En 1830, Robert Rankin était un homme riche ; on le considérait comme le principal armateur et marchand de bois de Saint-Jean, mais il continuait à vivre sobrement et sans ostentation. Le 17 mars 1829, il avait épousé Ann, la fille de John Strang, un éminent marchand écossais de St Andrews, Nouveau-Brunswick, où les Écossais, comme à Saint-Jean, dominaient largement l’activité commerciale. En 1837, ses affaires avaient prospéré à tel point qu’il envisageait de prendre sa retraite et de retourner en Écosse où il voulait acheter une propriété pour y faire l’élevage du bétail ; fils de fermier, cette occupation l’intéressait depuis ses jeunes années. Il possédait les ressources financières suffisantes pour satisfaire ce désir, car il avait placé des sommes importantes dans d’autres entreprises, notamment dans les chemins de fer britanniques, les mines, les sociétés d’assurance et les compagnies de navigation.

La réalisation de son projet fut entravée par une crise survenue en 1837 au siège de la société, à Glasgow, à la suite d’une vive querelle qui divisa les fondateurs. Puisque tous les groupes concernés estimaient qu’il était la seule personne en mesure de régler le différend et de prendre la direction générale de l’entreprise, Rankin quitta Saint-Jean avec sa femme et ses enfants à l’été de 1838. En Écosse, il parvint rapidement à racheter la part de Gilmour pour la somme de £150 000 et à reconstituer la Pollok, Gilmour, and Company. Rankin, son frère Alexander et Allan Gilmour* jeune, de la filiale établie à Québec, devinrent alors les associés qui s’assurèrent un intérêt prépondérant dans la compagnie. À l’instigation de Rankin, le bureau principal fut déplacé de Glasgow à Liverpool qui offrait des avantages commerciaux plus intéressants, en particulier dans le secteur du bois, et une nouvelle filiale fut ouverte dans cette ville sous la raison sociale de Rankin, Gilmour, and Company. Dans le but d’utiliser au maximum la vaste flotte de la société durant les mois d’hiver, on ouvrit également des succursales à La Nouvelle-Orléans, Louisiane, et à Mobile, Alabama, où la firme s’engagea dans le commerce florissant du coton.

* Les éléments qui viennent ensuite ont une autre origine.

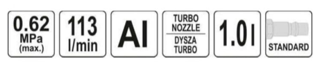 Пневматичен пистолет за пяна с резервоар за препарат позволява ефективно почистване на повърхността с генерираната активна пяна. Предназначен за почистване на каросерии, ремаркета, камиони, авточасти и други елементи, устойчиви на измиване с активна пяна. Превключвателят на клапана ви позволява да контролирате засмукването на течност от резервоара. TURBO дюза създава плътна и суха пяна, която остава по-дълго на почистваната повърхност.

Avec son sens aigu des affaires, Rankin assura le succès de l’entreprise dans cette région, comme il l’avait fait au Nouveau-Brunswick. Les capitaux placés dans le secteur du coton rapportèrent des profits importants et, en 1851, Rankin devint membre du Dock Committee of Liverpool, le « cercle intime » des principaux marchands et propriétaires de navires. Il possédait une magnifique résidence à Liverpool et il avait acheté la vaste propriété de Bromborough Hall, dans le Cheshire, où il s’adonna, entre autres, à l’élevage du bétail. En 1857, il visita le Canada et les États-Unis avec sa famille et il reçut en bien des endroits un accueil « quasi royal », particulièrement au Nouveau-Brunswick. Jusqu’à son décès, en 1870, il garda la haute main sur l’ « empire » Pollok, Gilmour et Rankin. On peut juger du prestige dont il jouissait à Liverpool par son élection, en janvier 1862, à la présidence du Mersey Docks and Harbour Board, poste considéré comme « la plus grande distinction que la ville de Liverpool pouvait accorder ». En 1865, il établit son fils James comme gentleman-farmer en achetant à son intention deux vastes propriétés dans le Herefordshire.

Au cours des dernières années de sa vie, Rankin rendit de nombreux services à ses concitoyens. Il fonda des instituts d’artisans, des sociétés de tempérance et des orphelinats, et il fournit à plusieurs reprises de fortes sommes pour la pose du premier câble transatlantique, dans les années 50 et 60. Au début de 1869, sa santé s’altéra et ne cessa de décliner malgré un long voyage qu’il fit dans les pays méditerranéens. La perte de sa fille, qui se noya dans le détroit de Menai, pays de Galles, en août 1869, fut un coup terrible pour Rankin qui avait vu la maladie lui ravir déjà quatre de ses sept enfants en bas âge. Il décéda au mois de juin suivant.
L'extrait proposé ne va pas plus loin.